• **EXERCISE AIM**:
Would you repeat each line below exactly, without the pictures?

• **INPUT DATA**:
**********

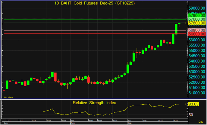แนวต้าน : 57,600 และ 57,900 บาท
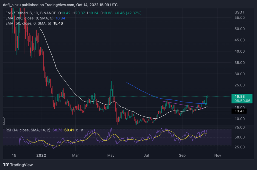 Despite the uncertainty that currently surrounds the cryptocurrency market, the price of Ethereum Name Service (ENS) has been one of the dark horses, rallying from $13 to $20. The crypto market suffered a new setback when the price of Bitcoin (BTC) fell from around $19,000 to $18,100 as the Consumer Price Index (CPI) indicated an increase in inflation, negatively affecting the price of BTC with altcoins affected but Ethereum Name Service (ENS) demonstrating incredible strength. (Data from Binance)
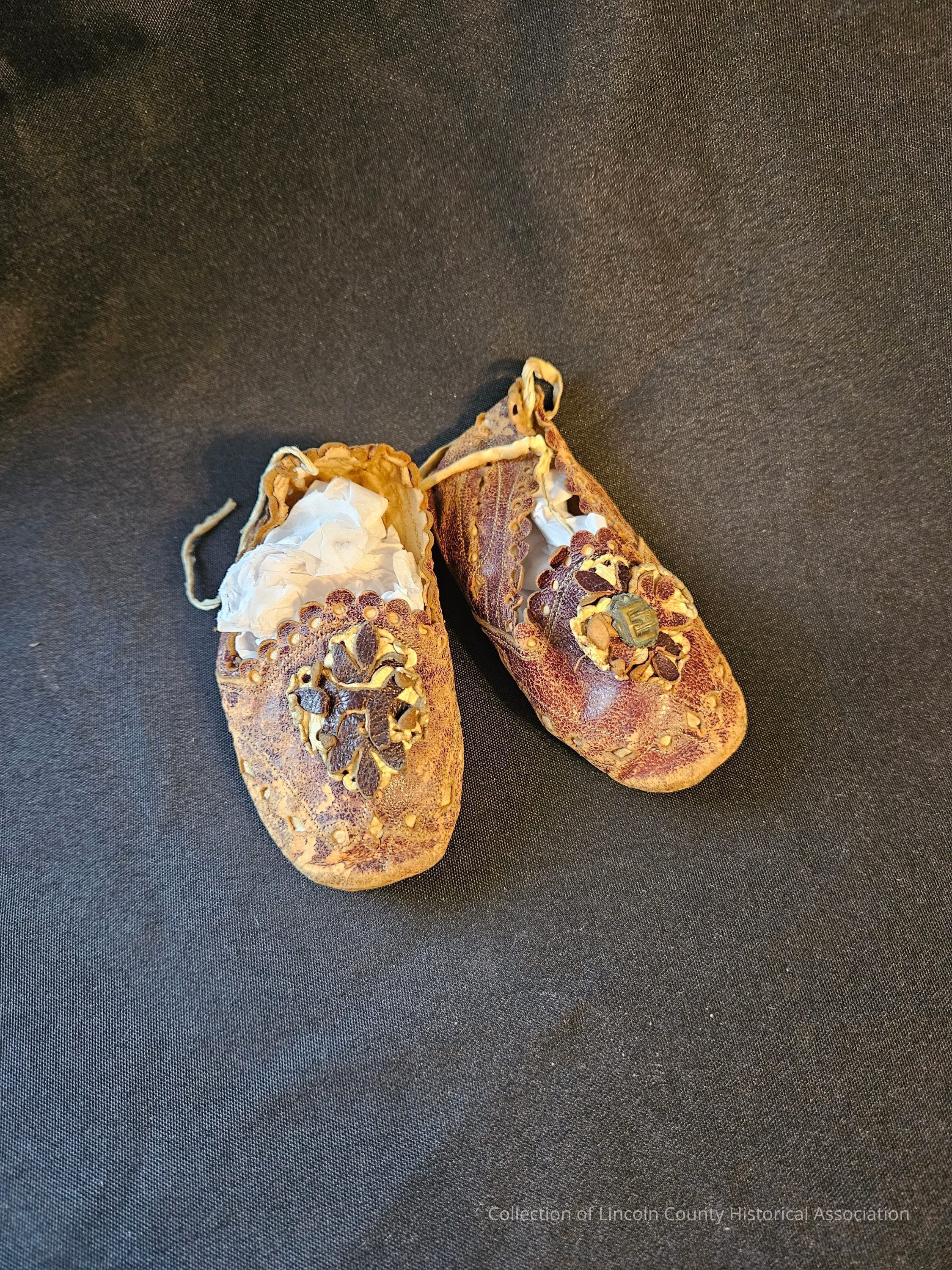 Pair of brown leather shoes with cloth lining. Decorative holes cut in leather along scalloped edges and toe. Flat and soft sole. Leather floral design on front, one shoe has decorative metal button in the middle of flower. Machine sewn. Cardboard in sole.

**********

• **TASK SOLUTION**:
แนวต้าน : 57,600 และ 57,900 บาท
 Despite the uncertainty that currently surrounds the cryptocurrency market, the price of Ethereum Name Service (ENS) has been one of the dark horses, rallying from $13 to $20. The crypto market suffered a new setback when the price of Bitcoin (BTC) fell from around $19,000 to $18,100 as the Consumer Price Index (CPI) indicated an increase in inflation, negatively affecting the price of BTC with altcoins affected but Ethereum Name Service (ENS) demonstrating incredible strength. (Data from Binance)
 Pair of brown leather shoes with cloth lining. Decorative holes cut in leather along scalloped edges and toe. Flat and soft sole. Leather floral design on front, one shoe has decorative metal button in the middle of flower. Machine sewn. Cardboard in sole.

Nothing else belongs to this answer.